ASSIGNMENT →
Write out every line of the material as it stands, apart from the pictures.

DATA TO PROCESS →
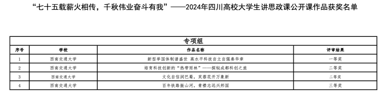 此外,由我院王迎迎老师指导的《百年铁路振山河,青襟志远兴邦国》获四川省三等奖,思想政治教育专业本科生业锦、刘婧雅、张俊岚、彭伊萌、贾思羽、穆媛参与制作。该作品以《思想道德与法治》第三章第二节为依托,巧妙地将铁路发展这一科技主题与爱国主义精神培育深度融合,以“爱国三问”为线索串联起历史与现代,在传授知识的同时,充分利用我校交通强国科学家精神教育基地这一特色资源,使教学更具直观性与感染力,凸显了新时代爱国主义精神在科技领域的体现。
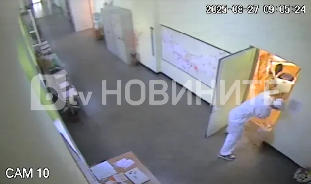 Кадри от охранителни камери, с които bTV разполага, показват как мъж влиза в общинската сграда, носейки две пълни кофи. Прокуратурата разследва случая
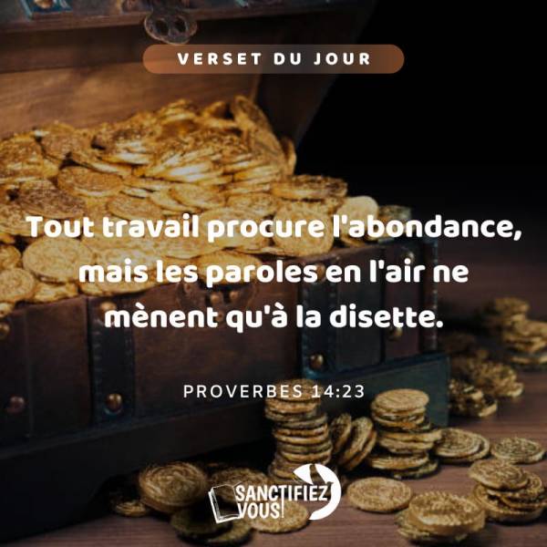 Tout travail procure l'abondance, mais les paroles en l'air ne mènent qu'à la disette. Proverbes 14:23 Vèsè jounen an 📖Travay, w'a jwenn tout sa ou bezwen. Rete chita ap pale anpil ap rann ou pòv. Pwovèb 14:23
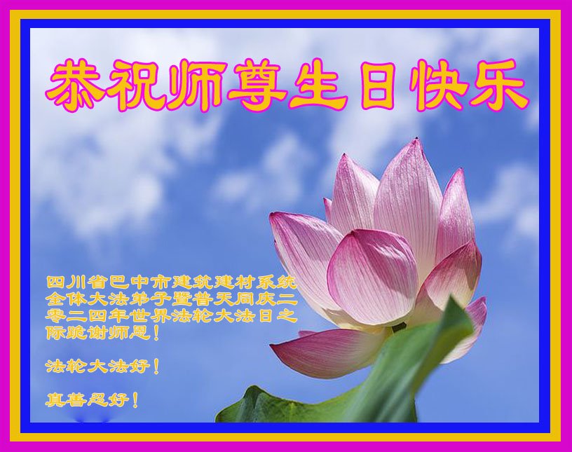 值此普天同庆二零二四年世界法轮大法日之际,四川省巴中市建筑建材系统全体大法弟子暨普天同庆二零二四年世界法轮大法日之际跪谢师恩!
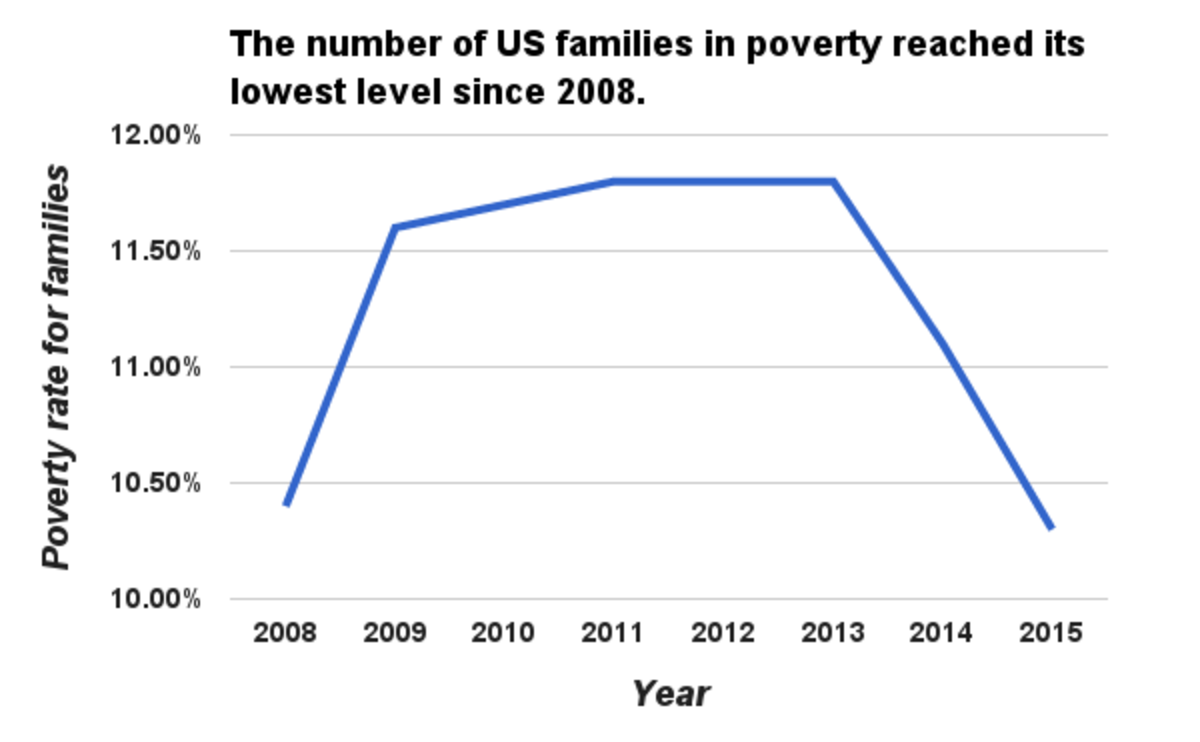 In 2015, the poverty rate for US families was 10.4 percent, the lowest level since 2008.
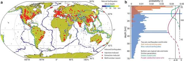В тех краях расположено крупное газовое месторождение Гронинген, его разрабатывают с 1960-х. Сейсмологи пришли к выводу, что именно это спровоцировало землетрясение: за десятки лет добычи давление в подземном резервуаре упало настолько, что это привело к перераспределению напряжений. В то же время было не очень понятно, как все-таки это землетрясение могло произойти даже в результате искусственно вызванных изменений. После анализа образцов местных пород выяснилось, что у них есть, казалось бы, очень полезное с этой точки зрения свойство — они «скоростно усиливающиеся» (velocity-strengthening). Это значит, что при увеличении скорости смещения литосферных плит с такими породами сила трения между ними возрастает, а дальнейшее движение, по сути, блокируется. В итоге землетрясение фактически становится невозможным. Глобальное распределение естественной (обозначена синим цветом) и искусственно вызванной (обозначена красным) сейсмичности / © Meng Li et al, 2025 Исследователи из Утрехтского университета (Нидерланды) предложили возможное объяснение этому парадоксу. В недавней статье для издания Nature Communications они выразили мнение, что в случае Гронингена и других «невозможных» техногенных землетрясений они произошли на местах «заживших» разломов. Как рассказали геологи, в земной коре скрываются древние трещины, которые за последние миллионы лет не испытывали никаких «беспокойств» и за время столь долгого тектонического бездействия «склеились», то есть контакты между разделенными когда-то породами стали довольно прочными. Из-за этого разлом сильнее сопротивляется давлению, и вместо того, чтобы мягко и постепенно деформироваться, породы до последнего упираются, пока в конце концов не «разрываются» с грохотом от накопленного напряжения. Впрочем, есть и сравнительно оптимистичная деталь: компьютерное моделирование показало, что подобным образом неожиданное землетрясение на месте «заживления» разлома чаще всего происходит лишь однажды. Потом он снова становится «открытой раной», то есть породы возвращаются к своей изначальной податливости и смещаются под давлением размеренно. Это означает, что стоит внимательнее отслеживать подобные «стабильные» и еще не проявившие себя разломы, особенно если над ними идет активная промышленная деятельность. Ученые советуют пристально наблюдать прежде всего за песчаником, известняком и доломитом — такие породы быстро «заживают».
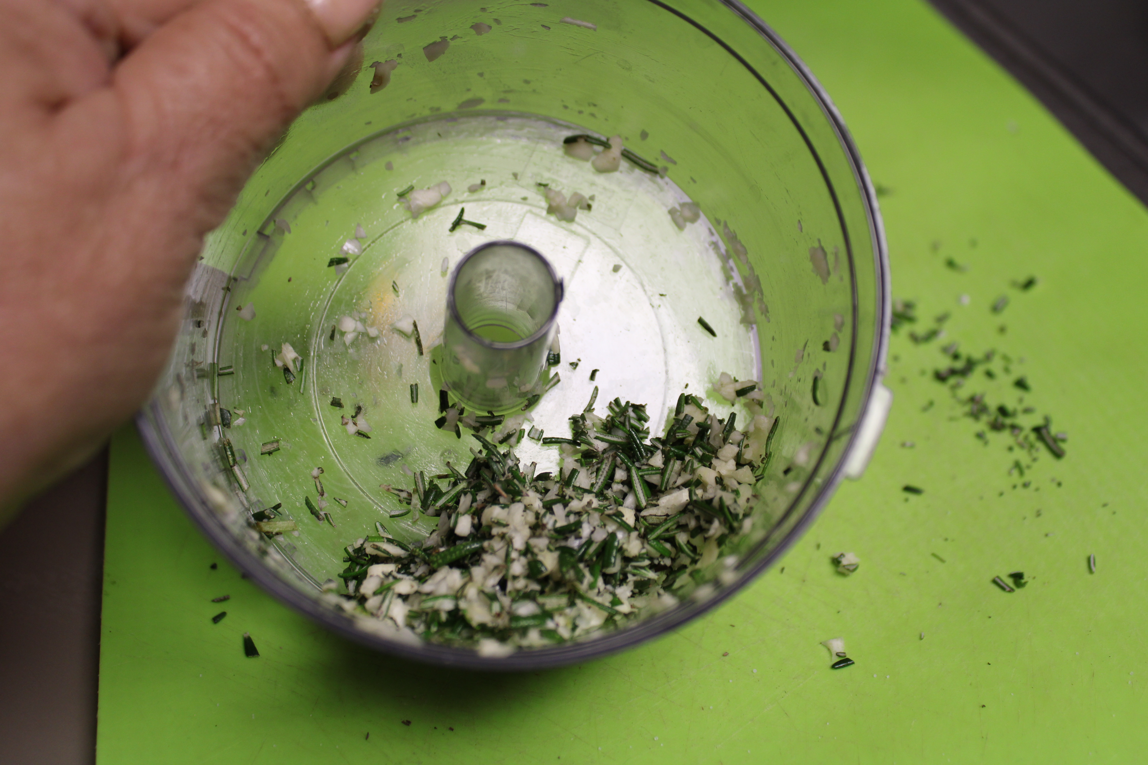 Strip rosemary needles from sprigs. Mince and set aside. Peel and mince garlic, add rosemary to the garlic. Stir to combine; set aside.
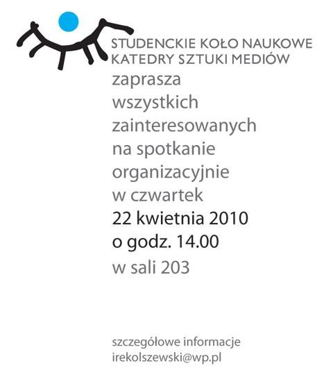 Serdecznie zapraszamy wszystkich zainteresowanych na spotkanie organizacyjne Studenckiego Koła Naukowego Katedry Sztuki Mediów 22 kwietnia (czwartek) o godzinie 14.00, sala 203.
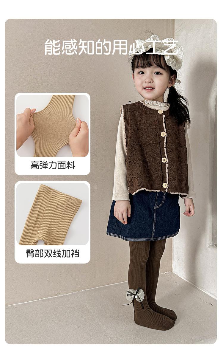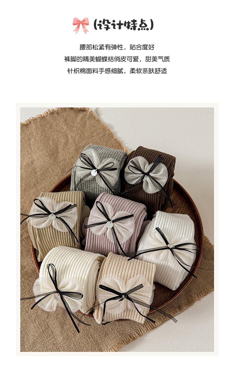 Meias Infantis 2025 Outono Novo Laço Listra Vertical Meia-Calça para Meninas Meia-Calça Infantil Pequena e Média Leggings Infantis

RESPONSE BELOW →
 此外,由我院王迎迎老师指导的《百年铁路振山河,青襟志远兴邦国》获四川省三等奖,思想政治教育专业本科生业锦、刘婧雅、张俊岚、彭伊萌、贾思羽、穆媛参与制作。该作品以《思想道德与法治》第三章第二节为依托,巧妙地将铁路发展这一科技主题与爱国主义精神培育深度融合,以“爱国三问”为线索串联起历史与现代,在传授知识的同时,充分利用我校交通强国科学家精神教育基地这一特色资源,使教学更具直观性与感染力,凸显了新时代爱国主义精神在科技领域的体现。
 Кадри от охранителни камери, с които bTV разполага, показват как мъж влиза в общинската сграда, носейки две пълни кофи. Прокуратурата разследва случая
 Tout travail procure l'abondance, mais les paroles en l'air ne mènent qu'à la disette. Proverbes 14:23 Vèsè jounen an 📖Travay, w'a jwenn tout sa ou bezwen. Rete chita ap pale anpil ap rann ou pòv. Pwovèb 14:23
 值此普天同庆二零二四年世界法轮大法日之际,四川省巴中市建筑建材系统全体大法弟子暨普天同庆二零二四年世界法轮大法日之际跪谢师恩!
 In 2015, the poverty rate for US families was 10.4 percent, the lowest level since 2008.
В тех краях расположено крупное газовое месторождение Гронинген, его разрабатывают с 1960-х. Сейсмологи пришли к выводу, что именно это спровоцировало землетрясение: за десятки лет добычи давление в подземном резервуаре упало настолько, что это привело к перераспределению напряжений. В то же время было не очень понятно, как все-таки это землетрясение могло произойти даже в результате искусственно вызванных изменений. После анализа образцов местных пород выяснилось, что у них есть, казалось бы, очень полезное с этой точки зрения свойство — они «скоростно усиливающиеся» (velocity-strengthening). Это значит, что при увеличении скорости смещения литосферных плит с такими породами сила трения между ними возрастает, а дальнейшее движение, по сути, блокируется. В итоге землетрясение фактически становится невозможным. Глобальное распределение естественной (обозначена синим цветом) и искусственно вызванной (обозначена красным) сейсмичности / © Meng Li et al, 2025 Исследователи из Утрехтского университета (Нидерланды) предложили возможное объяснение этому парадоксу. В недавней статье для издания Nature Communications они выразили мнение, что в случае Гронингена и других «невозможных» техногенных землетрясений они произошли на местах «заживших» разломов. Как рассказали геологи, в земной коре скрываются древние трещины, которые за последние миллионы лет не испытывали никаких «беспокойств» и за время столь долгого тектонического бездействия «склеились», то есть контакты между разделенными когда-то породами стали довольно прочными. Из-за этого разлом сильнее сопротивляется давлению, и вместо того, чтобы мягко и постепенно деформироваться, породы до последнего упираются, пока в конце концов не «разрываются» с грохотом от накопленного напряжения. Впрочем, есть и сравнительно оптимистичная деталь: компьютерное моделирование показало, что подобным образом неожиданное землетрясение на месте «заживления» разлома чаще всего происходит лишь однажды. Потом он снова становится «открытой раной», то есть породы возвращаются к своей изначальной податливости и смещаются под давлением размеренно. Это означает, что стоит внимательнее отслеживать подобные «стабильные» и еще не проявившие себя разломы, особенно если над ними идет активная промышленная деятельность. Ученые советуют пристально наблюдать прежде всего за песчаником, известняком и доломитом — такие породы быстро «заживают».
 Strip rosemary needles from sprigs. Mince and set aside. Peel and mince garlic, add rosemary to the garlic. Stir to combine; set aside.
 Serdecznie zapraszamy wszystkich zainteresowanych na spotkanie organizacyjne Studenckiego Koła Naukowego Katedry Sztuki Mediów 22 kwietnia (czwartek) o godzinie 14.00, sala 203.
 Meias Infantis 2025 Outono Novo Laço Listra Vertical Meia-Calça para Meninas Meia-Calça Infantil Pequena e Média Leggings Infantis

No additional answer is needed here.